2.26.2012

tomorrow -

(12:06am, sun26feb)

i lit a cigarette
off the last glowing embers
of a mostly dead world

you and i had arrived together
while the flames still soared
as high as ourselves

broken glass and carbon crunching
echoed loud, the heavy footsteps
of the only two people left

we left before the wind picked up
you wanted to explore, but i knew
you'd hate the ash in your eyes

home, brushing off dust,
"where were you?" inevitably asked
a shared look - "tomorrow."

(12:14am)

2.21.2012

punctuation

an isolated bark in the night
is a fine period for a day
slinging a thousand words about nothing
while quietly chanting "living the dream"
until i believe it

2.18.2012

blue twilight

this blue twilight din
comes in waves
when acting as a
compliment to the
streetlights
it caresses
moving in step
across all downtowns

it is not the wind;
for the wind is fickle

this blue twilight din
contrasts rush hour lullabyes
coaxing us to
nod our heads
to rhythms or
the tune of sleep

it makes pillows of damp street corners
and palaces out of underpasses
from within its thrall
all houses seem wanting

this is the romance
in empty stomachs

this is the siren's song
of railroads, boxcars and harmonicas

this is where we all go
when the grace of god has been lifted
and gravity takes hold at the crossroads
dragging us inexorably south
for the winter

this blue twilight din
is ringing in my bones
calling me outside
to wander

2.14.2012

f, s, and other curses

so i made some crab cakes tonight, and brought some of the mix home. when i tried it, it was terrible.

now, instead of sleeping in and going into work at a leisurely 4:30 as scheduled, i'm waking up at 7 so i can get in and fix this before the store opens.

fuuuuuuck.

2.12.2012

dinner

so tomorrow i work from 9-7, then hop a bus down to hyde park, which i'll be seeing for the first time since 2007. maybe early 2008. i'll be meeting a girl, we'll go for a walk, then back to her house to write about the experience. after that is when we'll exchange our first words, and then i'll make her dinner. i set up a menu, she bought the ingredients, and i'll be making soy sauce and brown sugar infused salmon fillets, lime & cilantro cauliflower salad, and baked-egg-avocados for the appetizer.

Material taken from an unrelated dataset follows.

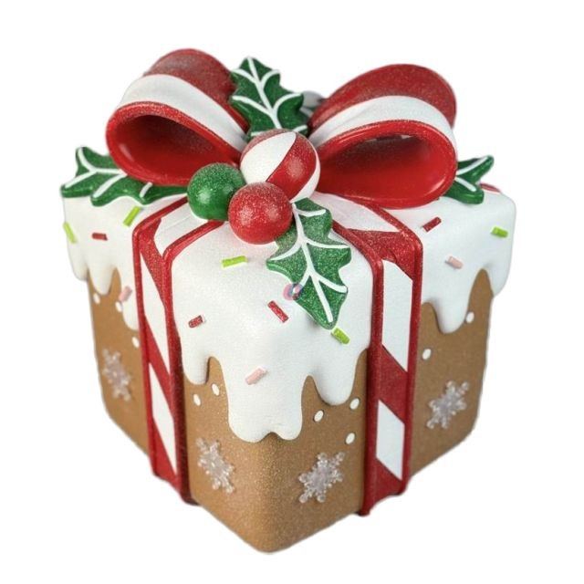 A „Mézeskalács ajándékdoboz, glitteres LED-es poly 21x21x26 cm barna, fehér” dekoráció klasszikus karácsonyi hangulatot teremt. Részletgazdag megjelenése azonnal a figyelem középpontjába kerül.

here's the catch - we've never met. we haven't even exchanged pictures. i found her on craigslist via a missed connection that wasn't about me, but it was so well-worded i sent her a message saying i hoped she was a writer, and that if the winter got too lonely i'd be happy to come cook her dinner. she accepted. the bit about the silent walk followed by a quiet moment of writing was her idea.

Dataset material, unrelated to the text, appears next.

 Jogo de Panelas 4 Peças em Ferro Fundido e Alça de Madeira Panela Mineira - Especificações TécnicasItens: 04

so, this has the potential to be either insanely romantic or amazingly disastrous. hyde park can be sketchy, but we're meeting near the lake, and i plan on pulling the kill switch if she starts leading me towards questionable areas. the intersection we're meeting at is a fairly open, public sort of one. she knows what i'll be wearing.

rachel. here's to adventure.

2.05.2012

buildup

what happens when you slowly but surely deprive a man of all the ways he unwinds and relaxes after the horrors of a day?

stay tuned.

2.02.2012

psychedelia for modern drugs

herp.

last weekend i briefly connected with two ladies via craigslist. one of them, a girl i found i had a lot in common with who lives about ten minutes from me, wanted to hang out on monday. monday rolled around, i found myself battling anxiety attacks all day, and eventually had to call it off. i'm not sure what the source of the anxiety was; maybe just the fact that it was someone new, or maybe it was because i told her so much about myself via e-mail already. i called it off, told her we'd try again in a week or so. i dunno if i will.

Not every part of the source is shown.